A knowledge-free path planning approach for smart ships based on reinforcement learning

Chen Chen,Xian-Qiao Chen,Feng Ma,Xiao-Jun Zeng,Jin Wang
DOI: https://doi.org/10.1016/j.oceaneng.2019.106299
IF: 5
2019-10-01
Ocean Engineering
Abstract:The autonomous navigation of smart ships needs to meet their huge inertia and obey existing complex rules. A smart ship has to realise autonomous driving instead of manual operation, which consists of path planning and controlling. Toward to this goal, this research proposes a path planning and manipulating approach based on Q-learning, which can drive a cargo ship by itself without requiring any input from human experiences. At the very beginning, a ship is modelled with the Nomoto model in a simulation waterway. Then, distances, obstacles and prohibited areas are regularized as rewards or punishments, which are used to judge the performance, or manipulation decisions of the ship. Subsequently, Q-learning is introduced to learn the action–reward model and the learning outcome is used to manipulate the ship's movement. By chasing higher reward values, the ship can find an appropriate path or navigation strategies by itself. After a sufficient number of rounds of training, a convincing path and manipulating strategies will likely be produced. By comparing the proposed approach with the existing methods, it is shown that this approach is more effective in self-learning and continuous optimisation, and therefore closer to human manoeuvring.
engineering, civil, ocean, marine,oceanography
What problem does this paper attempt to address?
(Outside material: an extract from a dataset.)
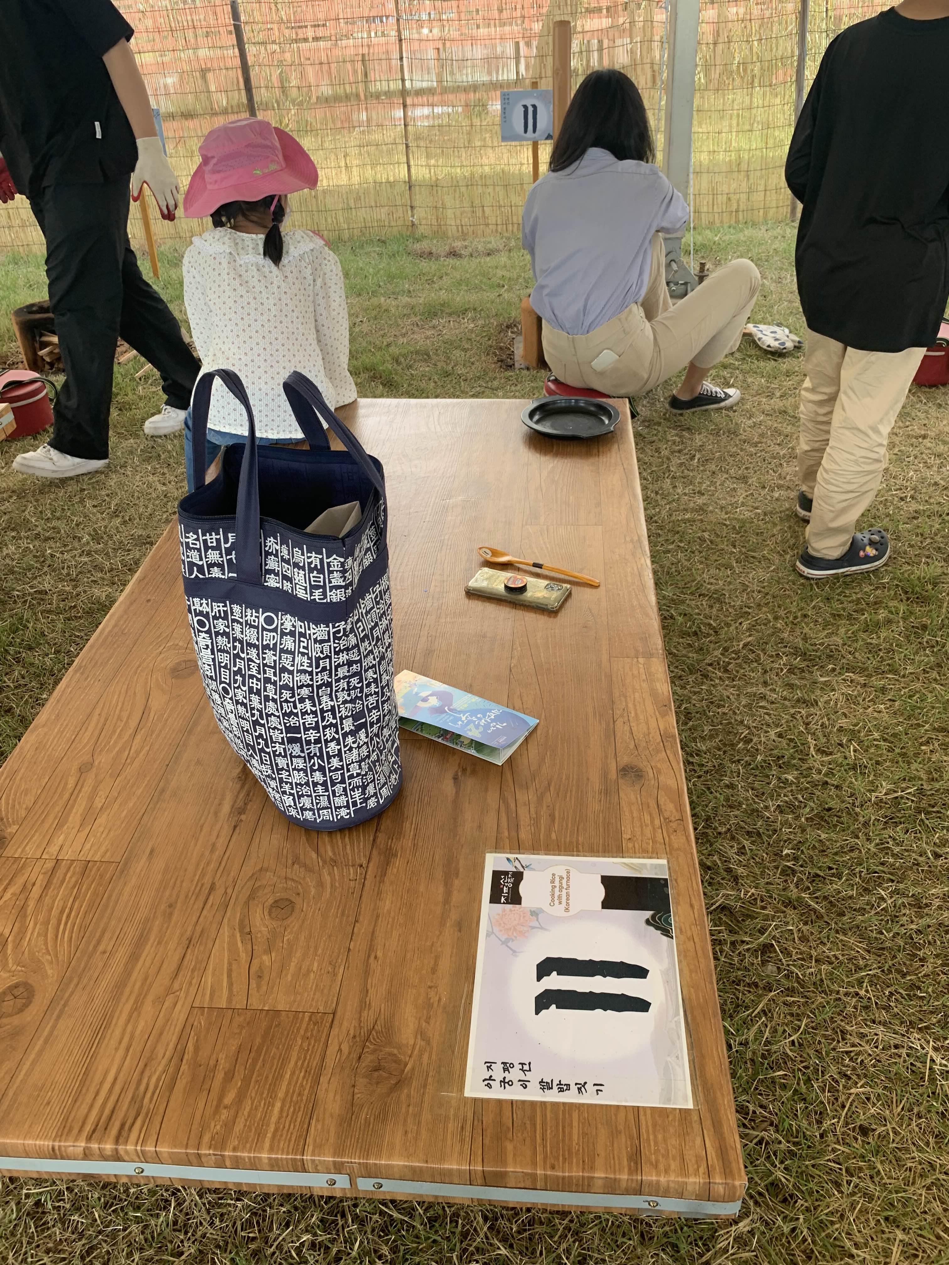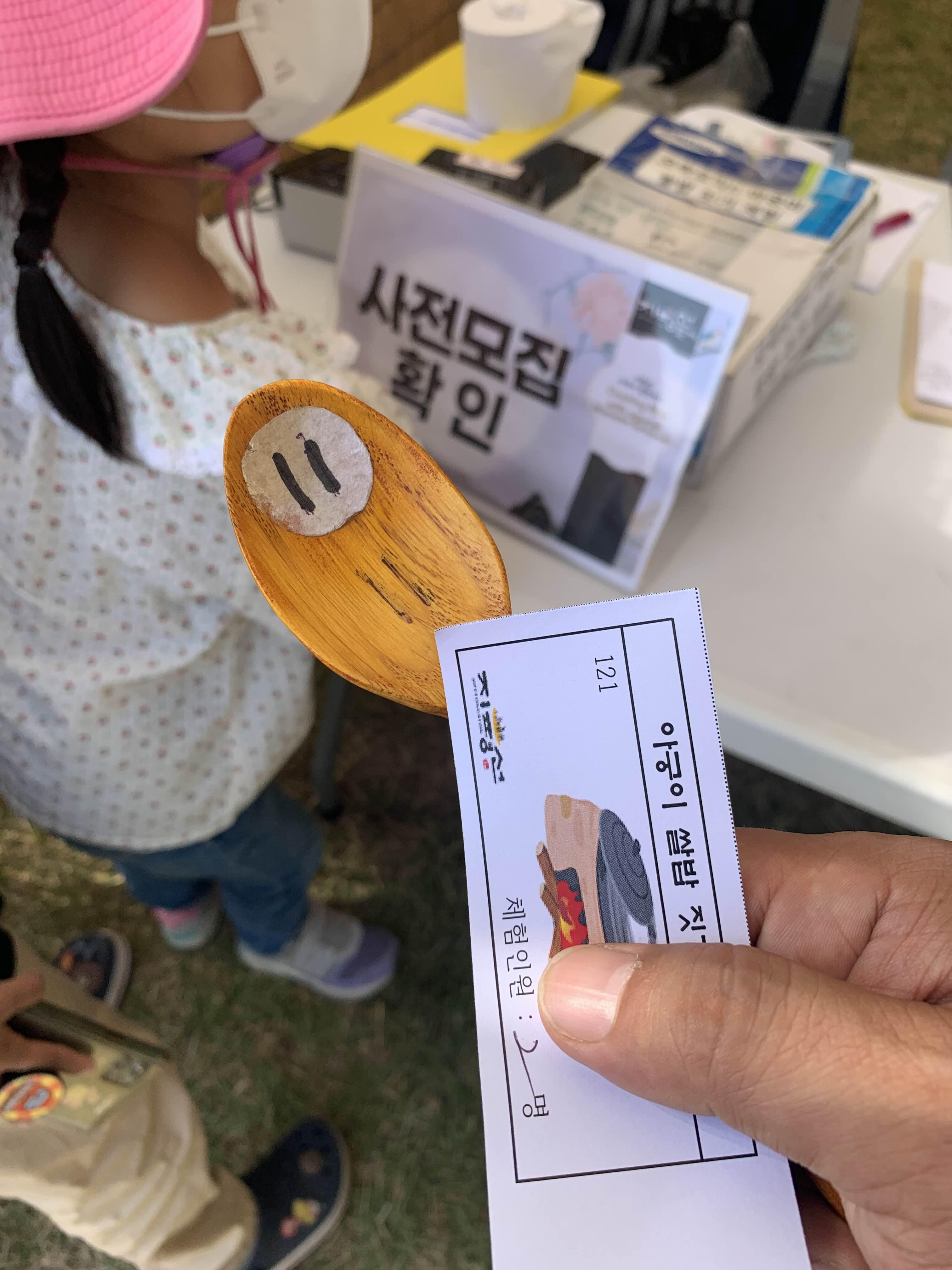 운영부스에 사전 예약한 성함을 이야기하면, 저 이상한 나무 숟가락이 지급됩니다. 나무 숟가락을 가지고.... 쌀이 담긴 그릇 아기자기한 가마솥을 들고 아궁이로 향합니다. 그러면!!! 조그마한 장작이 준비된 아궁이에서 불을 지피면~~

The problem that this paper attempts to solve is the path planning problem in intelligent ship autonomous navigation. Specifically, the paper focuses on how to use reinforcement learning methods (especially Q - learning) to achieve the autonomous driving of cargo ships without the input of human experience. This includes two parts: path planning and control, aiming to meet the requirements of the huge inertia of cargo ships and complex navigation rules, while overcoming challenges such as dynamic environments, insufficient power and perceptual uncertainty. Traditional path planning methods such as A* algorithm, artificial potential field method (APF), rapidly - exploring random tree (RRT), etc., although perform well in land robots, are often not suitable for the navigation requirements considering the dynamic characteristics of cargo ships. Therefore, the paper proposes a path planning method based on Q - learning. Through a large number of trainings in the simulated environment, the intelligent ship can autonomously find a suitable path or navigation strategy, thereby achieving autonomous navigation closer to human - operated intelligence.